:: Information provided ::

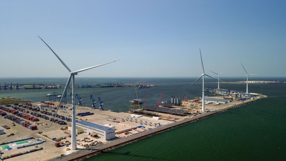 “4臺(tái)風(fēng)力發(fā)電機(jī)一年可發(fā)電約7000萬(wàn)千瓦時(shí),足以覆蓋碼頭設(shè)備及停靠船舶的用電需求,冗余電量還能上網(wǎng)銷售?!鄙綎|省港口集團(tuán)濰坊港有限公司黨支部書(shū)記、總經(jīng)理孫超說(shuō),濰坊港已形成風(fēng)、光、氫“多能互補(bǔ)”的用能結(jié)構(gòu),每年可節(jié)省標(biāo)煤2.1萬(wàn)噸,減少二氧化碳排放5.7萬(wàn)噸。
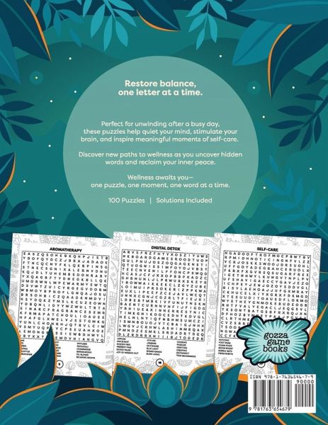 Restore Balance One Letter at a Time Unlock the secrets to a calmer, healthier, and more balanced life with this beautifully designed wellness word search collection. Featuring 100 unique puzzles, each filled with carefully chosen words that offer practical tips and inspiration for integrating wellness and self care into your life, this book is an ideal companion for anyone seeking relaxation, balance, and personal growth. Key Features:100 wellness-themed word searches with over 1800 inspiring words Engaging themes include mindfulness, nutrition, self-care, holistic health, and more Easy-to-read, large print format suitable for all ages Hours of peaceful, brain-boosting entertainment Perfect gift for friends, family, or anyone on a wellness journey Embrace wellness, enhance your mood, and nurture your mind-one word search at a time.
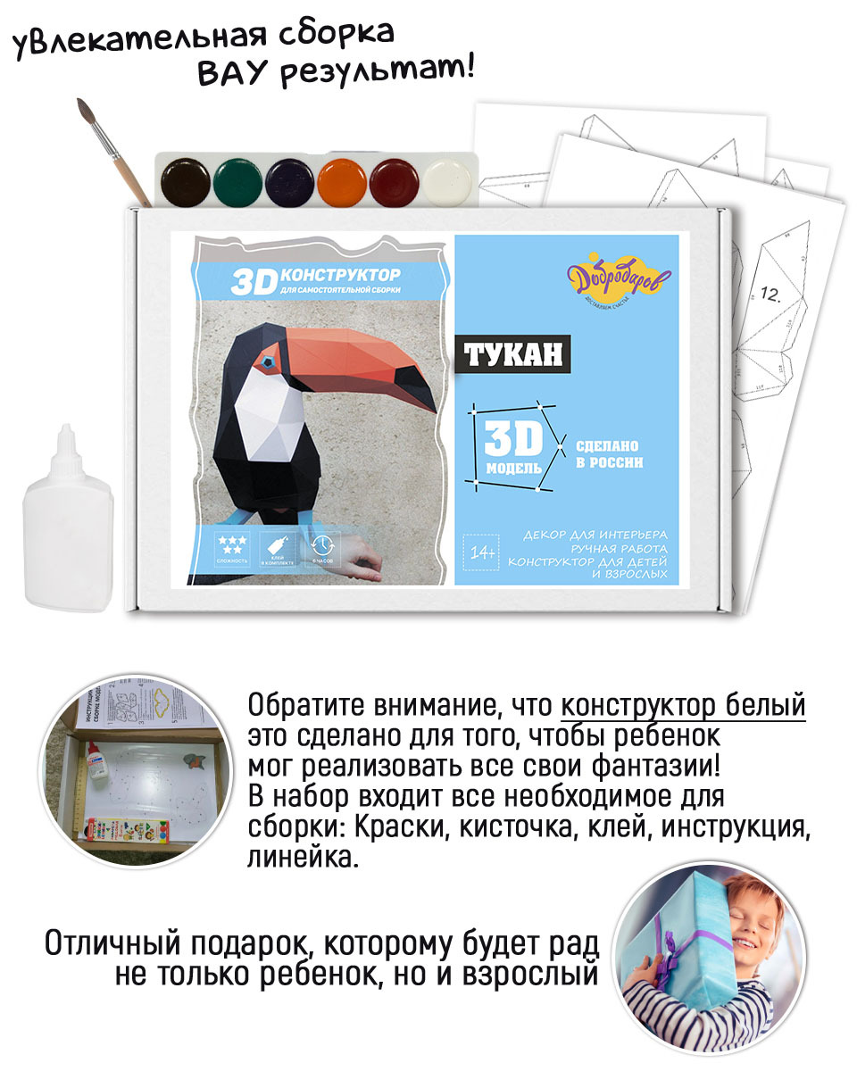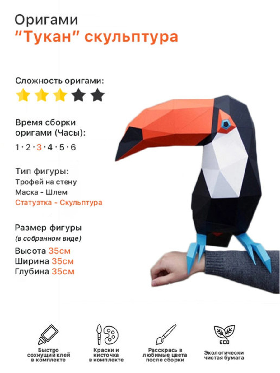 Оригами "Тукан" Комплект - Лайт, 3D Конструктор для самостоятельной сборки OR8

:: What to produce ::
A word-for-word retyping of the material above is expected, without pictures.

:: Task result ::
 “4臺(tái)風(fēng)力發(fā)電機(jī)一年可發(fā)電約7000萬(wàn)千瓦時(shí),足以覆蓋碼頭設(shè)備及停靠船舶的用電需求,冗余電量還能上網(wǎng)銷售?!鄙綎|省港口集團(tuán)濰坊港有限公司黨支部書(shū)記、總經(jīng)理孫超說(shuō),濰坊港已形成風(fēng)、光、氫“多能互補(bǔ)”的用能結(jié)構(gòu),每年可節(jié)省標(biāo)煤2.1萬(wàn)噸,減少二氧化碳排放5.7萬(wàn)噸。
 Restore Balance One Letter at a Time Unlock the secrets to a calmer, healthier, and more balanced life with this beautifully designed wellness word search collection. Featuring 100 unique puzzles, each filled with carefully chosen words that offer practical tips and inspiration for integrating wellness and self care into your life, this book is an ideal companion for anyone seeking relaxation, balance, and personal growth. Key Features:100 wellness-themed word searches with over 1800 inspiring words Engaging themes include mindfulness, nutrition, self-care, holistic health, and more Easy-to-read, large print format suitable for all ages Hours of peaceful, brain-boosting entertainment Perfect gift for friends, family, or anyone on a wellness journey Embrace wellness, enhance your mood, and nurture your mind-one word search at a time.
 Оригами "Тукан" Комплект - Лайт, 3D Конструктор для самостоятельной сборки OR8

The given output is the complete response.